Thursday, September 20, 2007

Chapter One.Eight: Au Revoir Paris.. for now..

The next day dawned too early for us. The hostel was a dark and a quiet corner of the earth when we hurriedly got ready to catch the train for our trip to Rome. The greatest tragedy of the entire affair was not that we were leaving Paris without spending much time there; it was that the hostel had not yet opened up their breakfast counter which is usually functional from 0700 hours.

We cast a hopeful eye towards the cafétaria before heading out of the door to the cold Sunday morning. A short walk back to the metro and changing the lines a couple of times before we came to Gare de Lyon eventually. The geographic convenience of housing the metro and the Eurail lines in the same complex helped the cause considerably and we commended the wise and the natural choice of such a construction. The Eurail lines can easily be found by chasing the escalators to the highest level possible till you reach what can be described ground level and you come across the terminal bank.

The next task is a bit tricky but can be surmounted by some quick observatory practices. First, find which terminal platform your train leaves from. This is combined exercise of scanning your boarding card (which is assigned to you when a reservation has been confirmed) for your train number from among the other undecipherable jargon printed therein and then matching that against a similar number printed on one of the innumerable screens displaying the schedule. If you could do that much, finding the platform number is a matter of child's play.

We were travelling to Roma via Milano as there were no direct trains available from Paris. Bags laden, hungry stomachs non-withstanding, we boarded onto the assigned coach on our way to further unknowns. The train was, as expected, more punctual than Mr.X ever was...

Friday, September 14, 2007

Chapter One.Seven: rue Rivoli, Our Lady and a good bye..

Walking down from the Louvre on rue Rivoli, we decided that the next historical monument to visit would have to be the Cathédrale de Notre Dame (Kaa-they-dhraal the Nau-thr Dhaam). Rue Rivoli is magnificent, to say the least, and is a pleasure to any Paris first timer. As with any other quaint European street, it is lined by old stone monuments, some downright absurd in architecture, but you would find any of the modern era business establishments, especially the ubiquitous haute couture establishments and the some more affordable ones.

At one of the street corners, a steel band was performing a percussionist number and there were some accompanying gestures directed towards the legal guardians. They were very clear in their general like of the keepers and the keepers were kind enough to smile back in mock from their horses. Some shouting followed after which the band disbanded and started to march across the street, banging away at all times against their instruments. The vehicles respectfully waited while the members crossed amidst cheerful clapping and encouragement from the mustering of tourists which included us as well.
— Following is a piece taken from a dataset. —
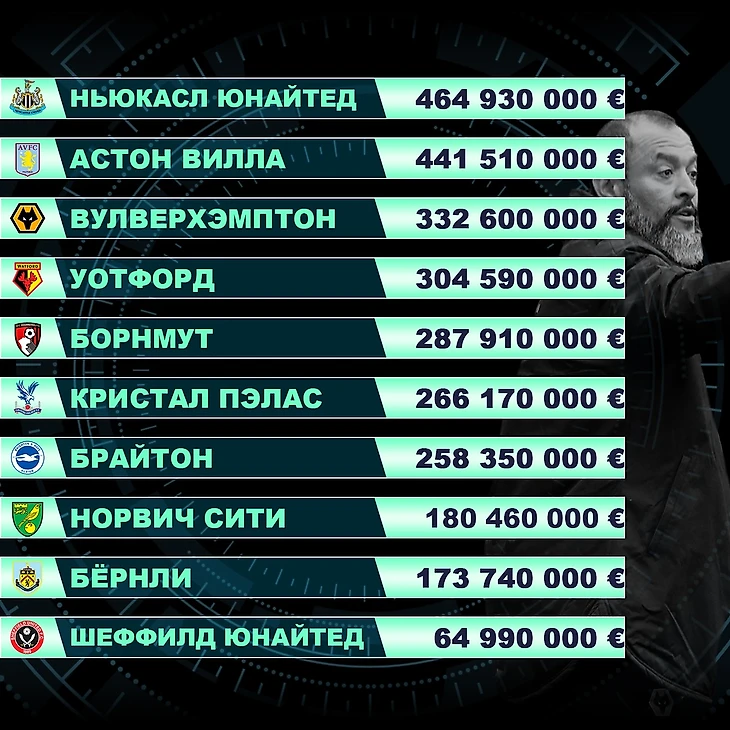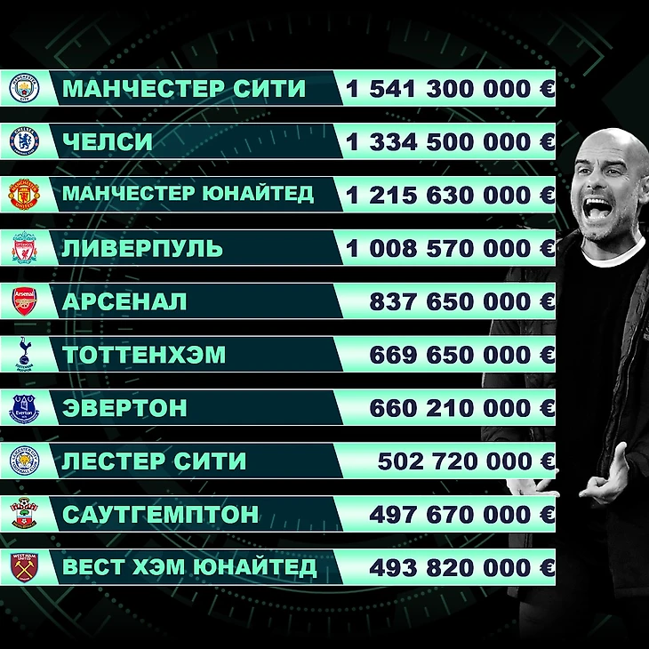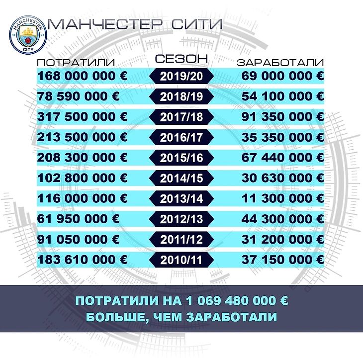 В общей сложности команды, играющие в нынешнем розыгрыше АПЛ за 10 лет потратили на трансферы более 11 млрд евро. Не сложно догадаться, кто отдал денег за новых футболистов больше остальных. Да, это «Манчестер Сити». «Горожане» за этот период потратили на новых игроков больше, чем «Шеффилд Юнайтед», «Бёрнли», «Норвич Сити», «Брайтон», «Кристал Пэлас», «Борнмут» и «Уотфорд» вместе взятые.

Crossing the Seine to the Île de la Cité (Eel the laa Si-they), the tiring mass of us came upon the Cathedral of Our Lady of Paris. It is markedly different in its Gothic architecture as compared to the other monuments that we had come across and were spellbound in its magnificence. That we were to encounter an even better exhibition of the said architecture in the near future was as yet an mystery to us.

Tired that we were of the cross city walk that we had executed and in keeping with the body clock that was still adjusting, we decided to call it a day and head back to the hostel. An additional pressing reason being that we had to catch the early morning express to Rome at 0745 from Gare de Lyon.

We caught the metro to Porte de Bagnolet, bid goodbyes to our visitors from London and then made our short walk back to the hostel. The last essentials of the day: food to fill our stomachs and rations for our travel the next day on the train.

We debated various options of restaurants based primarily on the economical damage that they would cause and the relative ease that we could adjust to the food. We finally settled on a Chinese restaurant at the junction of rue Davout, short walk from the hostel. Mr. X was in an extremely bad biological shape with an sharp pain in his legs caused by the long walks that we had undertaken that day.

Chinese restaurants, outside of India, typically serve the food along with chopsticks and steel cutlery is provided solely upon request. I challenged the devastated Mr.X to a trial by chopsticks which he refused unenthusiastically. Must say that Mr.X was winding down way too quickly and his very survival for the remnant of the trip seemed suspect. Having staffed ourselves with the basic fruits, breads and beverages for the next day, we wound down very late in hopes of waking up on time the next morning.